- _Task to complete_:
Copy out precisely the lines from the start of the data through the line with "AffinityOnLinux provides an", and keep pictures out of it.

- _Available data_:
-=-=-=-=-

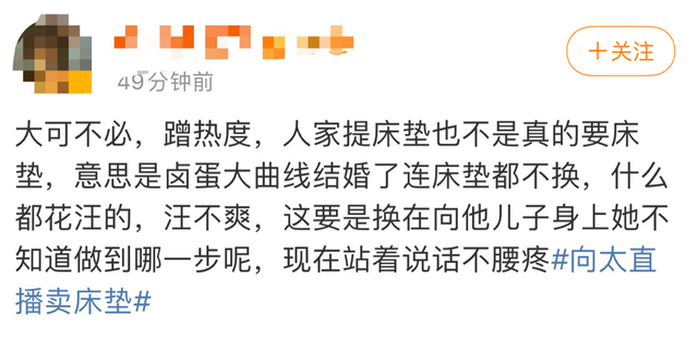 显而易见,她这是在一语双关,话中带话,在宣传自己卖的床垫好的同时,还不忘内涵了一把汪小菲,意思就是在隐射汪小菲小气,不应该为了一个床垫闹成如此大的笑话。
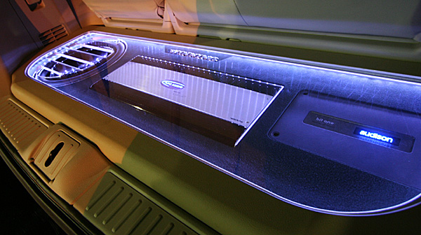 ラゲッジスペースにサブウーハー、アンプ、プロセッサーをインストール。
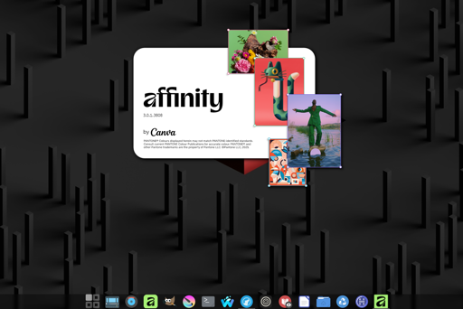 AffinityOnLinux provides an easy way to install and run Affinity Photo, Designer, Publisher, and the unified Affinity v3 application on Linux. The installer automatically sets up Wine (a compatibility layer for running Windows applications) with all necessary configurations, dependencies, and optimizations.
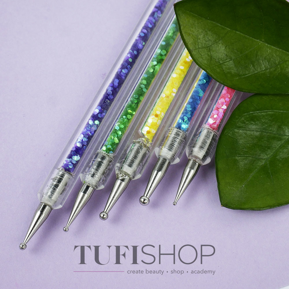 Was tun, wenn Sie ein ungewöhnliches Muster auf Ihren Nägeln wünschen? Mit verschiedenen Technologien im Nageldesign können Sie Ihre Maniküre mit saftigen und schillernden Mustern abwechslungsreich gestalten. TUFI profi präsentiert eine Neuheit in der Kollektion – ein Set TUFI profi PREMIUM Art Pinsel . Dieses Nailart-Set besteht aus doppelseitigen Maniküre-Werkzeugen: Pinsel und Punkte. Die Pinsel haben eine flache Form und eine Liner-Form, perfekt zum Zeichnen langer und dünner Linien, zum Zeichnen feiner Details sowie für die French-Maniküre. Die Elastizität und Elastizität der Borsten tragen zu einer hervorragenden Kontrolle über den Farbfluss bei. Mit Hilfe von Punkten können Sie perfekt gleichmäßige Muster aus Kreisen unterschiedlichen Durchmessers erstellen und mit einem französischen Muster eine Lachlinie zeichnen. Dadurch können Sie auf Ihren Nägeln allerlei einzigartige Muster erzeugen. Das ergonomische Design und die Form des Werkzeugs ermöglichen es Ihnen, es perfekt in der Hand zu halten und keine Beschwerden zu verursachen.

-=-=-=-=-

- _Response_:
 显而易见,她这是在一语双关,话中带话,在宣传自己卖的床垫好的同时,还不忘内涵了一把汪小菲,意思就是在隐射汪小菲小气,不应该为了一个床垫闹成如此大的笑话。
 ラゲッジスペースにサブウーハー、アンプ、プロセッサーをインストール。
 AffinityOnLinux provides an easy way to install and run Affinity Photo, Designer, Publisher, and the unified Affinity v3 application on Linux. The installer automatically sets up Wine (a compatibility layer for running Windows applications) with all necessary configurations, dependencies, and optimizations.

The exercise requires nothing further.